---------- Exercise data ----------

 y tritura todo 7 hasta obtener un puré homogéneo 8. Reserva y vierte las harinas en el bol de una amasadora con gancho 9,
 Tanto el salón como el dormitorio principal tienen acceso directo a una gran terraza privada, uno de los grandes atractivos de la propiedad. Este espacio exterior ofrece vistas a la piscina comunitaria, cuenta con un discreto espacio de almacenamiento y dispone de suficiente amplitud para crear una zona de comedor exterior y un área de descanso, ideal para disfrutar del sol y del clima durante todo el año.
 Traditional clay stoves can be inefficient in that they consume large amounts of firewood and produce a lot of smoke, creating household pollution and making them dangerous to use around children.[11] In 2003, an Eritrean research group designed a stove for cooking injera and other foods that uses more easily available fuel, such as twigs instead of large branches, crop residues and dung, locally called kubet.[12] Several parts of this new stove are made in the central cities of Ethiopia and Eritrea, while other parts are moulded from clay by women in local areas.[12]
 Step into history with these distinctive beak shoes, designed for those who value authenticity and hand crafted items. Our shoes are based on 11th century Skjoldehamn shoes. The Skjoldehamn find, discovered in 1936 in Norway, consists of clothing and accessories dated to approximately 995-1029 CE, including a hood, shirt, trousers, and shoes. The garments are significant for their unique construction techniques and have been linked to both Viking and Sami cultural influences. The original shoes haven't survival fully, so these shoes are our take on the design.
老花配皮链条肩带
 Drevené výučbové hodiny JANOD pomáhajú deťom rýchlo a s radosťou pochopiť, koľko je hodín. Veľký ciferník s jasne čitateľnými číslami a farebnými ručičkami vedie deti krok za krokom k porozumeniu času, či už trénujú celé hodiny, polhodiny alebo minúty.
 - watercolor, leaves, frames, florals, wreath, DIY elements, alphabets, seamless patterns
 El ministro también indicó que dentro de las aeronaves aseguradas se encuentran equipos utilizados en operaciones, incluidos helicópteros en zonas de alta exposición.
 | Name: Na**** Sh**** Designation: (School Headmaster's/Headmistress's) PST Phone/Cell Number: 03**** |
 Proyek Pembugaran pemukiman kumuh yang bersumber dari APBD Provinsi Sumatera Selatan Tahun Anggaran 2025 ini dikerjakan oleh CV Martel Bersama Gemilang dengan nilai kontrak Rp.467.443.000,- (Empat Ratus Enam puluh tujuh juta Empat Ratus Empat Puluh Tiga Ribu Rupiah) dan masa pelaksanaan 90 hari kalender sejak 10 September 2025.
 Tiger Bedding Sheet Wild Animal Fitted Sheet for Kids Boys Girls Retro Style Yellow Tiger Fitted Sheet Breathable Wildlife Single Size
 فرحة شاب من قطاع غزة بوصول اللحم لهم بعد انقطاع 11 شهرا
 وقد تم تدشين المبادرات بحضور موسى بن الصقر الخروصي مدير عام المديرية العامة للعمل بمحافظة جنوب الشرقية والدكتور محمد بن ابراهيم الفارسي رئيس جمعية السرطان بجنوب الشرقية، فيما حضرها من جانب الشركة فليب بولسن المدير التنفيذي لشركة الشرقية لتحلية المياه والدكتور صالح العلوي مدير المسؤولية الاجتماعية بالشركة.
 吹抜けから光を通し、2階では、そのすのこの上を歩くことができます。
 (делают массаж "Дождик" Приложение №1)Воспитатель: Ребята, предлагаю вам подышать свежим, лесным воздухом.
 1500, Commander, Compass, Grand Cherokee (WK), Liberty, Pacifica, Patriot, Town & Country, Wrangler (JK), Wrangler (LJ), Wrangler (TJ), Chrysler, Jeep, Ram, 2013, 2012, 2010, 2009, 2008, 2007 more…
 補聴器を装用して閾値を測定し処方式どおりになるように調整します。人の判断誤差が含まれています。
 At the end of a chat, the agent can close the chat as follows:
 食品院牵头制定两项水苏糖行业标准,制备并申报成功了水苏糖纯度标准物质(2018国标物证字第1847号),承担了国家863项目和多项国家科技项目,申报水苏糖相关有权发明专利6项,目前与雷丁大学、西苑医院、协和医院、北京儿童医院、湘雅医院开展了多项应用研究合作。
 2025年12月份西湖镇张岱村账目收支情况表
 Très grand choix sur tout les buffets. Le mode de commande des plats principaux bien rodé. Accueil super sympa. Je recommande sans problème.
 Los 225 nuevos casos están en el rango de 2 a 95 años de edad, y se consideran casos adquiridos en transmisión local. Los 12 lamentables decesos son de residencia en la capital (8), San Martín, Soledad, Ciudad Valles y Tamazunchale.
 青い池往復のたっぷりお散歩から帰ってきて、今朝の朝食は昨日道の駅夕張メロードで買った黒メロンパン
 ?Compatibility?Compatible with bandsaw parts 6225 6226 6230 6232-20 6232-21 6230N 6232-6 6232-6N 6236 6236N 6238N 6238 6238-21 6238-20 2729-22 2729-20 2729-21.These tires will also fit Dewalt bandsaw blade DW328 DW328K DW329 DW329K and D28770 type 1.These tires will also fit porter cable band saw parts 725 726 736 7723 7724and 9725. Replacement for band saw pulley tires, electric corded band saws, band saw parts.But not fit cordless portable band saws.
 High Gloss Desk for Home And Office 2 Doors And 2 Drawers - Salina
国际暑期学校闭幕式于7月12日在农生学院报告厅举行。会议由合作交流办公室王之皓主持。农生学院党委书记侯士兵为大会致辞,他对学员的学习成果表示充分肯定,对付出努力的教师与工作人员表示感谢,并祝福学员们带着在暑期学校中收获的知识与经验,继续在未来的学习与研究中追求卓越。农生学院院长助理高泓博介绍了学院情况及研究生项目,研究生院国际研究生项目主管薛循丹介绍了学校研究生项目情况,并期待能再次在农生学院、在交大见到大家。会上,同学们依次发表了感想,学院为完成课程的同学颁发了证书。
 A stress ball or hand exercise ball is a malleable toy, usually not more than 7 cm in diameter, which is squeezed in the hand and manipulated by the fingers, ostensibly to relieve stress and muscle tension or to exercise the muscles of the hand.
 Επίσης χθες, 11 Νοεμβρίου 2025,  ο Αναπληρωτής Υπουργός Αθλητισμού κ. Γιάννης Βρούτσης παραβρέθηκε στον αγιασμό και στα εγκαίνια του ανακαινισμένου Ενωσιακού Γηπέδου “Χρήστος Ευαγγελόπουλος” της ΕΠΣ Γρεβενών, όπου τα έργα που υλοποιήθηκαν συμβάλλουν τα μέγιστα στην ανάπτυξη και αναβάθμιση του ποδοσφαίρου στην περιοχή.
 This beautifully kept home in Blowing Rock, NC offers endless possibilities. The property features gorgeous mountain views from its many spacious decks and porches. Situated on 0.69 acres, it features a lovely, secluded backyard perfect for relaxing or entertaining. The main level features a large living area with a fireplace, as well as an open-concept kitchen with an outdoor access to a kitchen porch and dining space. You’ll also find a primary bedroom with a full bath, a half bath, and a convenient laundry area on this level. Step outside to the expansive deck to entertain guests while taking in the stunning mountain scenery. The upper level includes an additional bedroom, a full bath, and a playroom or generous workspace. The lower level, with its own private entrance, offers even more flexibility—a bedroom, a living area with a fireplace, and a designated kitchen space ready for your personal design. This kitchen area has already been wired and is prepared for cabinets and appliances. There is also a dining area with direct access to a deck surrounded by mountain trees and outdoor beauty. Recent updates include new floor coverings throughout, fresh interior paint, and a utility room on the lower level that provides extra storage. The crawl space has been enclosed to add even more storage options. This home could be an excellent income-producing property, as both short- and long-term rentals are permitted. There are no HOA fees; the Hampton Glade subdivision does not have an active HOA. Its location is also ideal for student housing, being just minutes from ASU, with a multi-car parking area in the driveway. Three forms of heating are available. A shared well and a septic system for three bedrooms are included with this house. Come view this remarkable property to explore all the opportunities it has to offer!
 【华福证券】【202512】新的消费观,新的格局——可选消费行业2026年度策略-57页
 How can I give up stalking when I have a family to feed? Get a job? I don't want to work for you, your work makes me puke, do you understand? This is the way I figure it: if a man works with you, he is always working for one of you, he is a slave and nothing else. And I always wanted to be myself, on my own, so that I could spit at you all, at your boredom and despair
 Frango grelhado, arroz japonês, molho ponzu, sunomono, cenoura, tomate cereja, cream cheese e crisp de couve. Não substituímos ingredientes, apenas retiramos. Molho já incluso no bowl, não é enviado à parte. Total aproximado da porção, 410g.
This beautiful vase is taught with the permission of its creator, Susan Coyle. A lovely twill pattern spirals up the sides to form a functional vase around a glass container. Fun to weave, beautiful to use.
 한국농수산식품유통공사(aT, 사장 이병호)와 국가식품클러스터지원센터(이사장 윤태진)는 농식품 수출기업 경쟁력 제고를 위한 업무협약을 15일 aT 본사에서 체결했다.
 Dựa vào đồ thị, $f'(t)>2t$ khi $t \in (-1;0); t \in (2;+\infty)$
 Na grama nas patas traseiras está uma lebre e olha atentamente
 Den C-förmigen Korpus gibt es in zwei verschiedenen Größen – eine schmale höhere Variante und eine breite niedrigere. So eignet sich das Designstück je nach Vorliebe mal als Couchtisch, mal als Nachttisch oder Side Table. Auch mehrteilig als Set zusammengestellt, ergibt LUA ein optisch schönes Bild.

----------

**Assignment**
Reply with the lines from the first line of the entries through the line that contains "Tanto el salón", repeated exactly with both ends kept, and with nothing else.

**Finished exercise**
 y tritura todo 7 hasta obtener un puré homogéneo 8. Reserva y vierte las harinas en el bol de una amasadora con gancho 9,
 Tanto el salón como el dormitorio principal tienen acceso directo a una gran terraza privada, uno de los grandes atractivos de la propiedad. Este espacio exterior ofrece vistas a la piscina comunitaria, cuenta con un discreto espacio de almacenamiento y dispone de suficiente amplitud para crear una zona de comedor exterior y un área de descanso, ideal para disfrutar del sol y del clima durante todo el año.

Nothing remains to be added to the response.